[TASK DIRECTIONS]
Write out each line of the material exactly as given, and drop the images.

[RECORDS TO PROCESS]
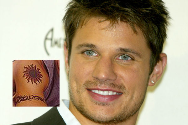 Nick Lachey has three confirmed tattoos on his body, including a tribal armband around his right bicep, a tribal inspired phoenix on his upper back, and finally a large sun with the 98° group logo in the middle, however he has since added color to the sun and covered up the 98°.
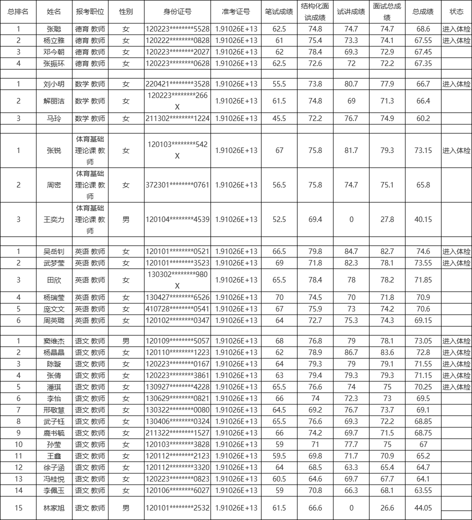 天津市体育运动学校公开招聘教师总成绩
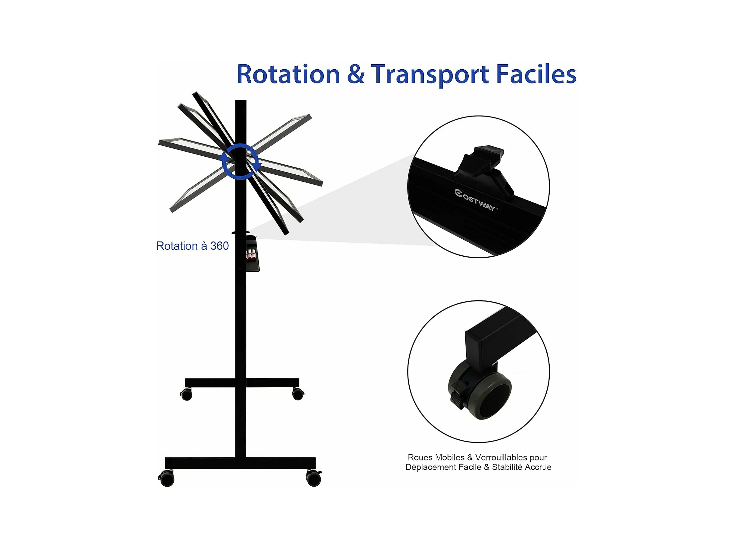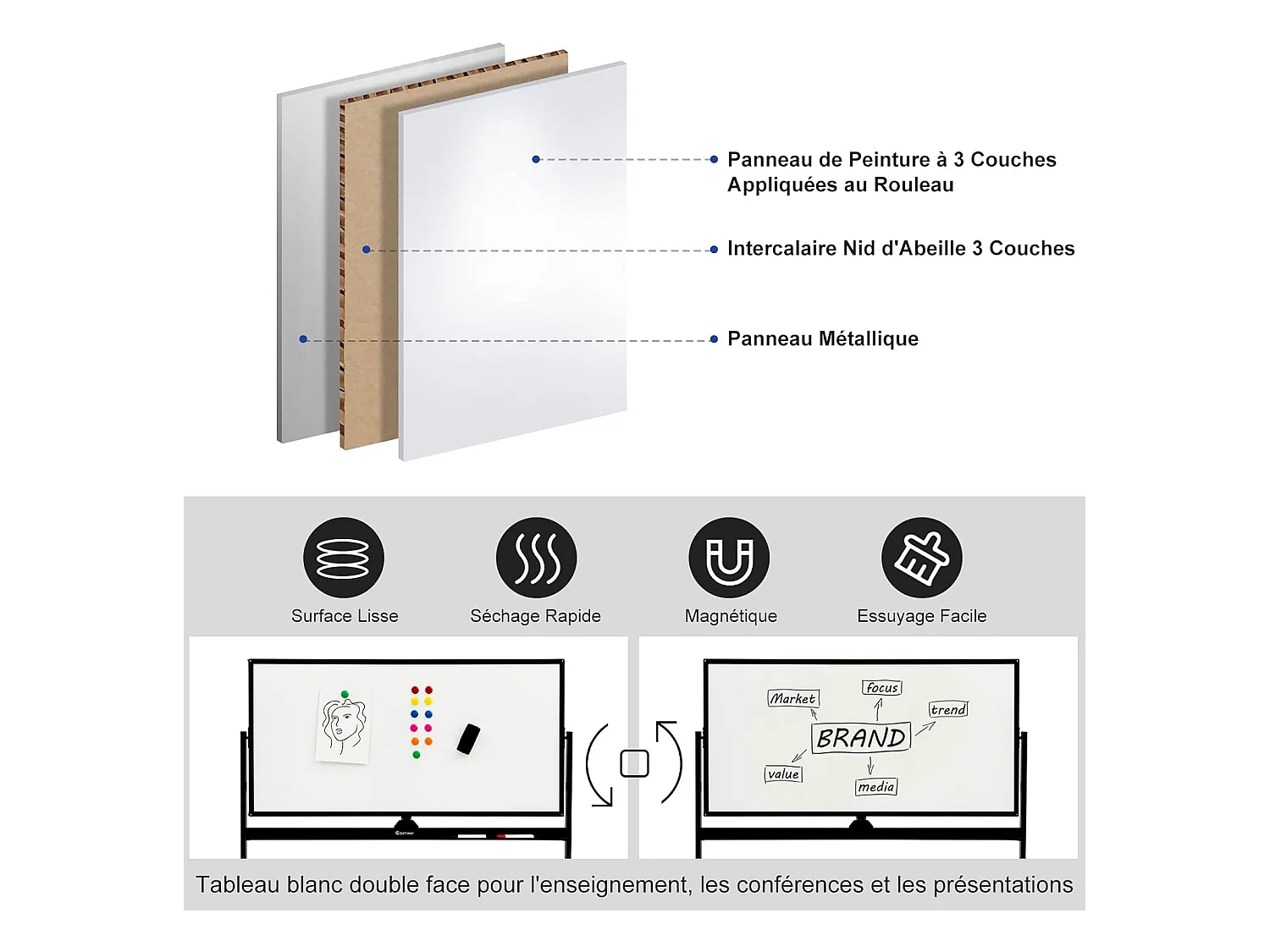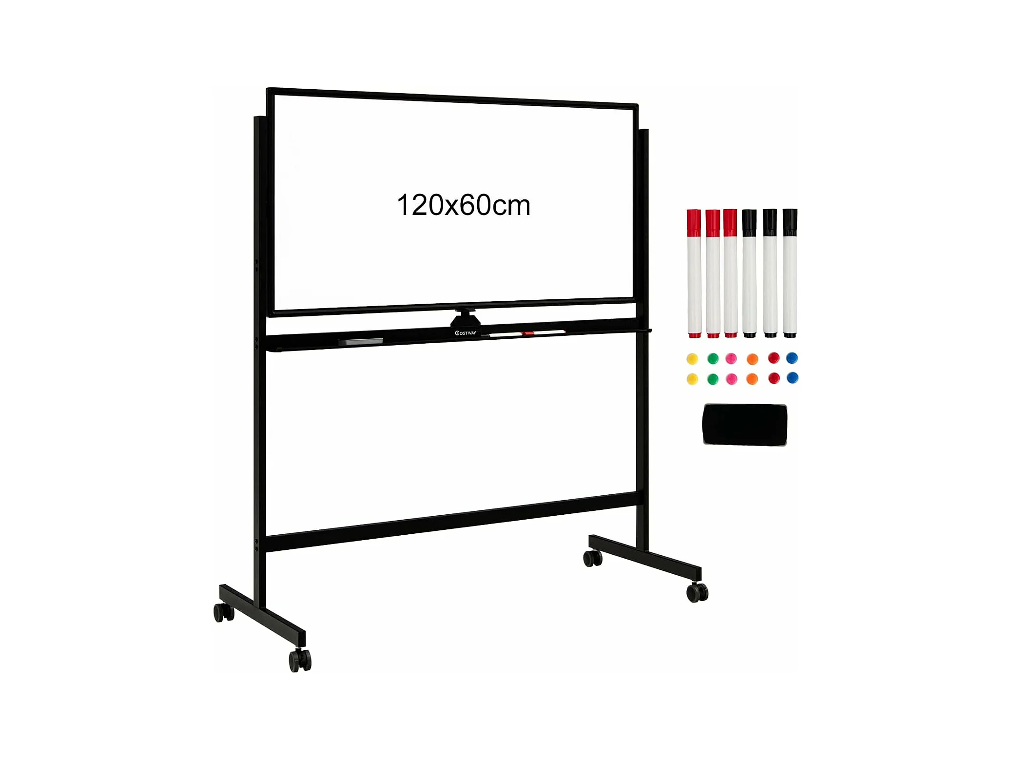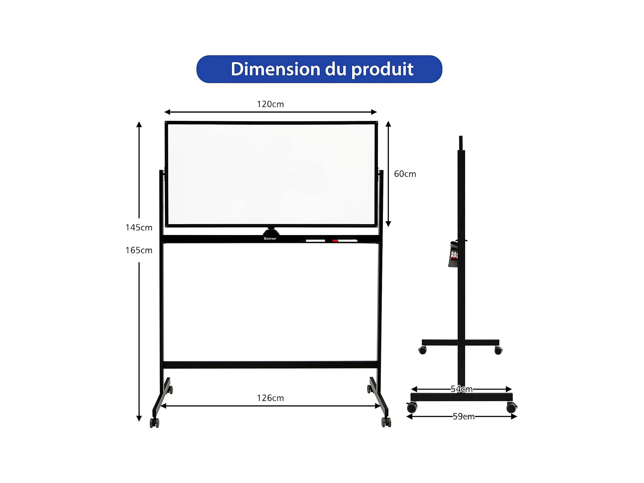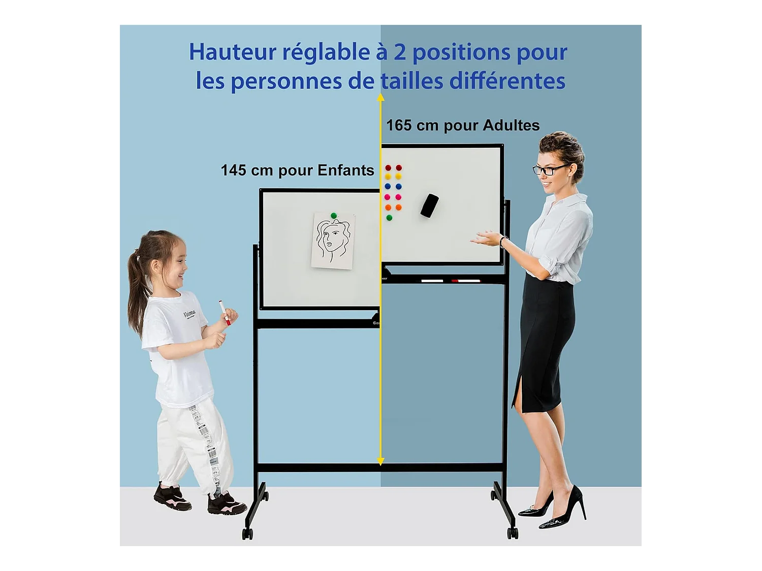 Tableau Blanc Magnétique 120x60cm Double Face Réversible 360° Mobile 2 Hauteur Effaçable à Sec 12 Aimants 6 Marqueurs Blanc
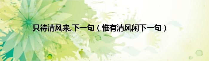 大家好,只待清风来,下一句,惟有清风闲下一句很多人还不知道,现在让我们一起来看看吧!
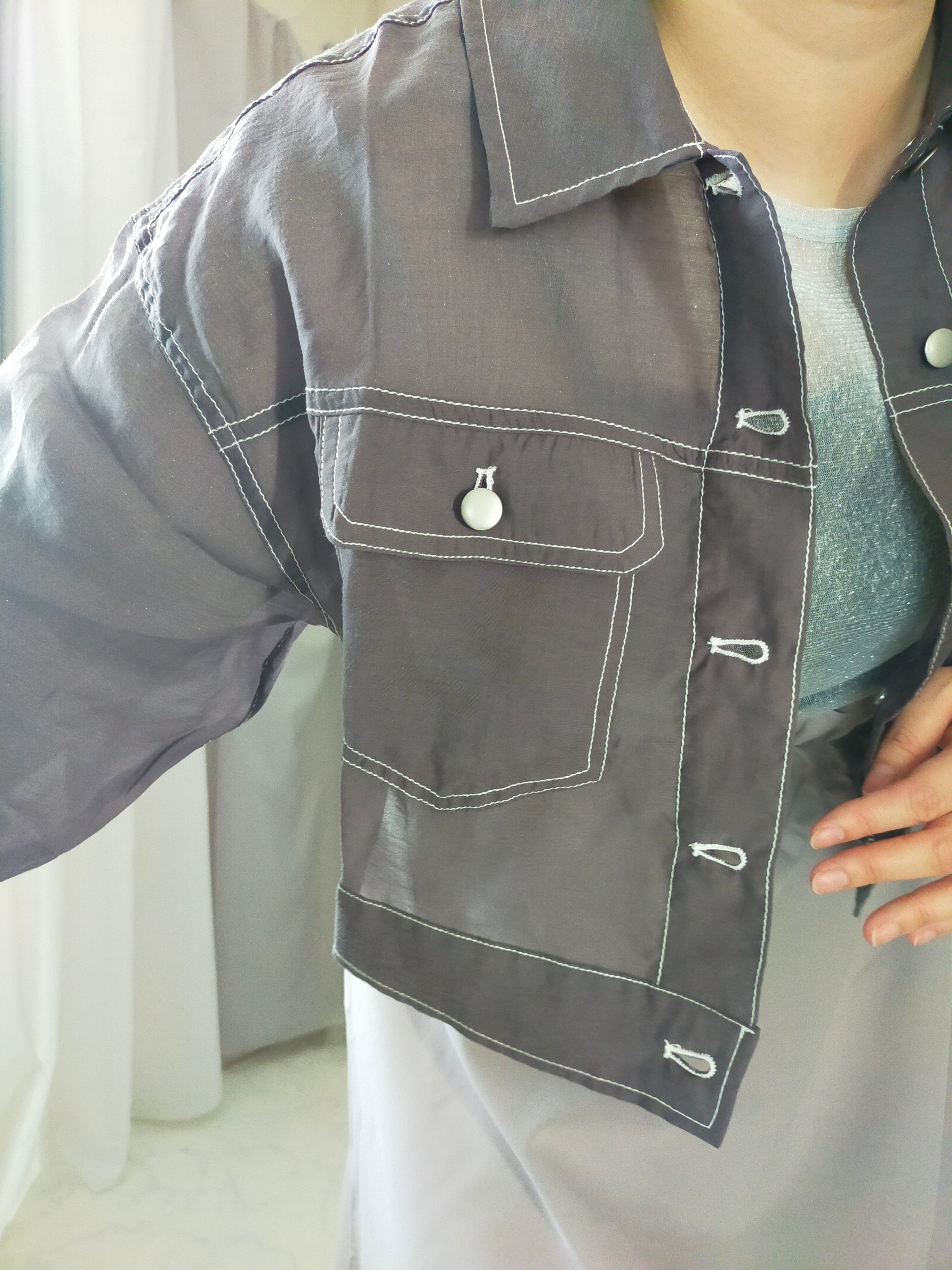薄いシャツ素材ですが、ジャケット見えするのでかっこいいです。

[ANSWER]
 Nick Lachey has three confirmed tattoos on his body, including a tribal armband around his right bicep, a tribal inspired phoenix on his upper back, and finally a large sun with the 98° group logo in the middle, however he has since added color to the sun and covered up the 98°.
 天津市体育运动学校公开招聘教师总成绩
 Tableau Blanc Magnétique 120x60cm Double Face Réversible 360° Mobile 2 Hauteur Effaçable à Sec 12 Aimants 6 Marqueurs Blanc
 大家好,只待清风来,下一句,惟有清风闲下一句很多人还不知道,现在让我们一起来看看吧!
薄いシャツ素材ですが、ジャケット見えするのでかっこいいです。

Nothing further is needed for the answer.